▶ [Task to carry out]:
Your task is to copy the stretch of lines in the records below that begins with the line containing "主持人的一首《站起来》首先点" and ends with the line containing "One electronically tested", exactly as written, with nothing added.
**** Stored data
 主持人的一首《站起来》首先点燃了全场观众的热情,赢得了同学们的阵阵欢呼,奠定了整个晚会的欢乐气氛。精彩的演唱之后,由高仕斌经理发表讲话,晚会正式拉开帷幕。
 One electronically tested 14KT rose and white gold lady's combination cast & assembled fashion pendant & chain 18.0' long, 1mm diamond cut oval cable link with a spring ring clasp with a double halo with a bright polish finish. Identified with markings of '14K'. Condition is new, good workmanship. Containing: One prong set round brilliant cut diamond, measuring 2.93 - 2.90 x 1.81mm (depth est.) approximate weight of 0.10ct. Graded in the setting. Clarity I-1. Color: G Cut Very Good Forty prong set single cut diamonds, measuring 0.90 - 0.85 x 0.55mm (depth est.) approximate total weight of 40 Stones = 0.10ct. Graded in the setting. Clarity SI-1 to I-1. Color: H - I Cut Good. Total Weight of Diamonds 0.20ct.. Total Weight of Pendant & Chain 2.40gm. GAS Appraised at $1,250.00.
********
**** Stored data
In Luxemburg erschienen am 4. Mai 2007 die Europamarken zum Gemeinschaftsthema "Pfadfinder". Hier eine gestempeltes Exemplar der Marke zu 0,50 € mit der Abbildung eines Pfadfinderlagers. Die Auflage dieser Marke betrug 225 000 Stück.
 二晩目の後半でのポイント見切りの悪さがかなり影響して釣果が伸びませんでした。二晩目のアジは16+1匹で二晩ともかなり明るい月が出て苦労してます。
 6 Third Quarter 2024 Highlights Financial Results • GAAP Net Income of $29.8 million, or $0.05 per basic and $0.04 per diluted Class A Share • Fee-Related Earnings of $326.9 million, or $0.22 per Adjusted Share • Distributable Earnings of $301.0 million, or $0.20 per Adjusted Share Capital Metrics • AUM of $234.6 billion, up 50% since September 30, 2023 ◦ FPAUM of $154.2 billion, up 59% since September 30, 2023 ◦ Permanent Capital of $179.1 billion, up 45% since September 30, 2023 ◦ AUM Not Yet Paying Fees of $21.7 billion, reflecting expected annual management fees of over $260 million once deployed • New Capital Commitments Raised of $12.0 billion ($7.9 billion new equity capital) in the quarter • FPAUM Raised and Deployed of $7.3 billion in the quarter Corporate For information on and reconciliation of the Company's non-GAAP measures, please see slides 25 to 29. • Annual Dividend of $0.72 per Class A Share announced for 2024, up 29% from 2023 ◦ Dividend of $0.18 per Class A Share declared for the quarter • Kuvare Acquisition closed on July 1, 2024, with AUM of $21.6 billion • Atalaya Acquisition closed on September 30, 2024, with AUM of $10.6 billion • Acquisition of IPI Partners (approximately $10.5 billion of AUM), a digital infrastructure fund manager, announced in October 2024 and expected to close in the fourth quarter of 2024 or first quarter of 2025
********
▶ [Response to the exercise]:
 主持人的一首《站起来》首先点燃了全场观众的热情,赢得了同学们的阵阵欢呼,奠定了整个晚会的欢乐气氛。精彩的演唱之后,由高仕斌经理发表讲话,晚会正式拉开帷幕。
 One electronically tested 14KT rose and white gold lady's combination cast & assembled fashion pendant & chain 18.0' long, 1mm diamond cut oval cable link with a spring ring clasp with a double halo with a bright polish finish. Identified with markings of '14K'. Condition is new, good workmanship. Containing: One prong set round brilliant cut diamond, measuring 2.93 - 2.90 x 1.81mm (depth est.) approximate weight of 0.10ct. Graded in the setting. Clarity I-1. Color: G Cut Very Good Forty prong set single cut diamonds, measuring 0.90 - 0.85 x 0.55mm (depth est.) approximate total weight of 40 Stones = 0.10ct. Graded in the setting. Clarity SI-1 to I-1. Color: H - I Cut Good. Total Weight of Diamonds 0.20ct.. Total Weight of Pendant & Chain 2.40gm. GAS Appraised at $1,250.00.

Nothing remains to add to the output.